Examples: At the top of her voice. After the chiming of the clock on the mantle.
How a prepositional phrase fragment hides: When I came home two hours after curfew, my mother was furious. She was yelling before I even got out of the car. Before parking even!
#7 Dependent Clause Fragment
A dependent clause (or subordinate clause) is a group of words with a subject and verb, but it cannot stand alone like an independent clause (or main clause).
A clause is a group of words with a subject and verb. If that group of words can stand alone as a complete sentence, it is called an independent clause. If it cannot stand alone, it depends on the independent clause to make sense, so it is called a dependent clause.
A dependent clause ALWAYS begins with a subordinating conjunction, a relative pronoun, or a relative adverb.
When a dependent clause is used alone, that group of words becomes a dependent clause fragment. Of all the fragment types, this is the one I see the most.
Examples: Even though I’ve asked her out seven times. Which is why he stopped calling me. Where they live.
How a dependent clause fragment hides: My parents ask me questions constantly. They always want to know who my friends are. Whether or not there will be parent chaperones at a party. If I have done all my homework. They even ask me where I sit in class!
So, now what?
Now that YOU know the seven types, what’s next? Here’s my process, and I call it the Sentence Fragment Boot Camp.
- Distribute and discuss the seven types (with detailed handouts).
- Give students a sentence fragment sort with eight categories and 32 strips. I have a paper version of this sort for face-to-face instruction and a Google Slides version for remote instruction. The Slides version has 32 moveable tiles students can just slide into place. Using their handouts, students put four sentences under each of the seven fragment types and four under a Correct Sentence category. In face-to-face instruction if students can be close, this is a great pair activity. Even on Slides, you could have two students on the same document working together live. Watch this 30-second demo of the sort.

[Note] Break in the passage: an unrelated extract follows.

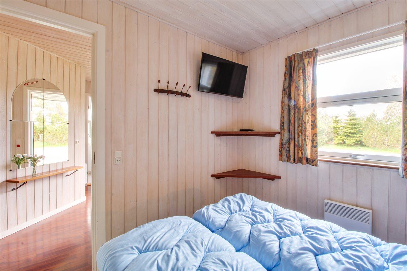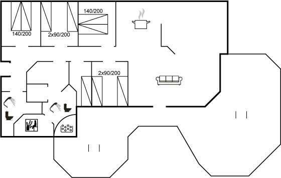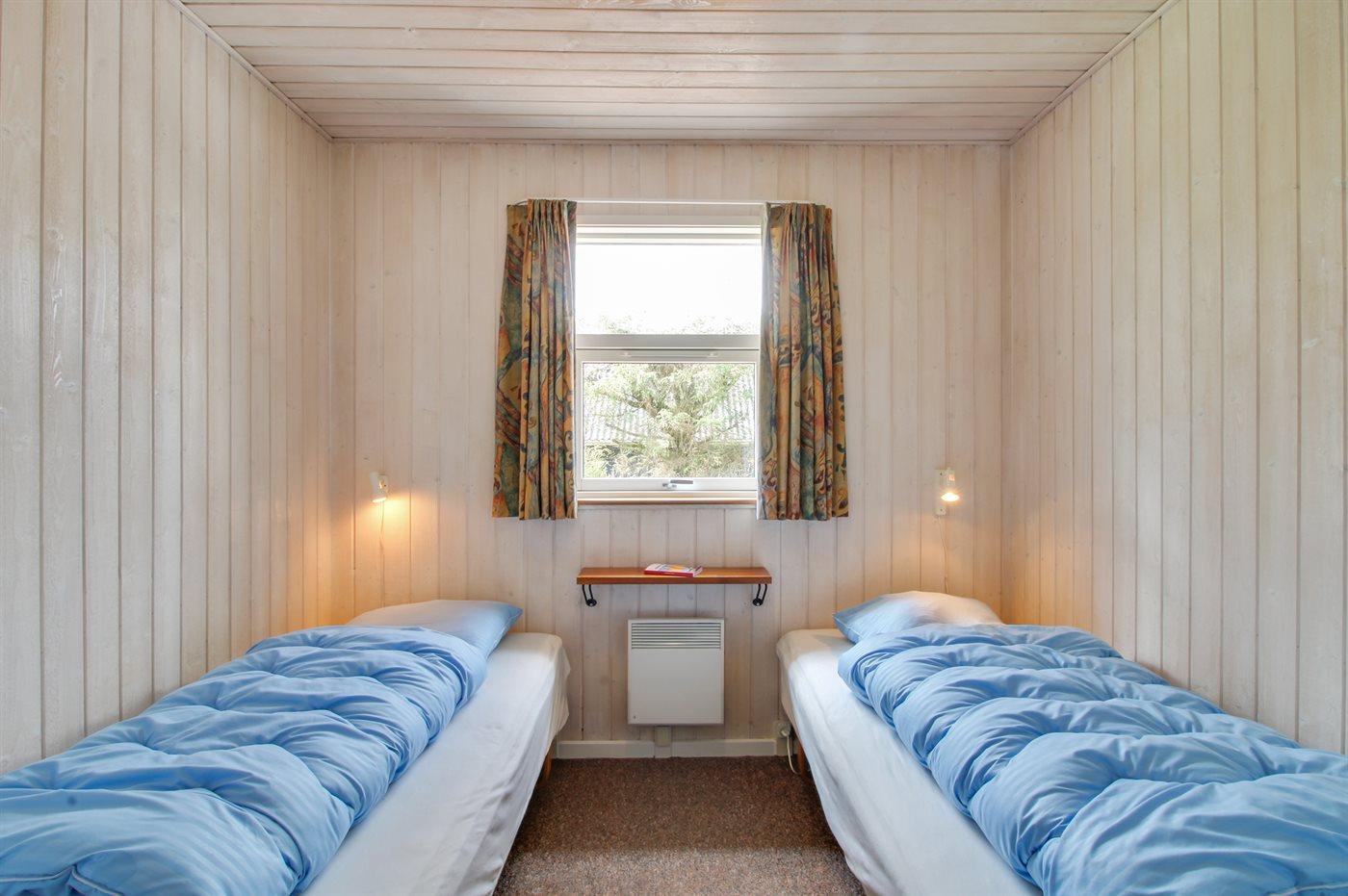 Der er i alt 5 soveværelser. Sovepladserne fordeler sig på: 4 sovepladser i dobbeltsenge. 5 sovepladser i enkeltsenge. Derudover er der 1 stk. barneseng.

- I give students a passage that contains fragments, and they identify both the errors and their types.
- Students look at a series of task cards and offer two possible revisions for each sentence fragment.
- Post boot camp, we begin looking at their own writing. They have the vocabulary for conferences and margin notes now, so when I say, “You have a couple of dependent clause fragments in paragraph five,” they know what to look for!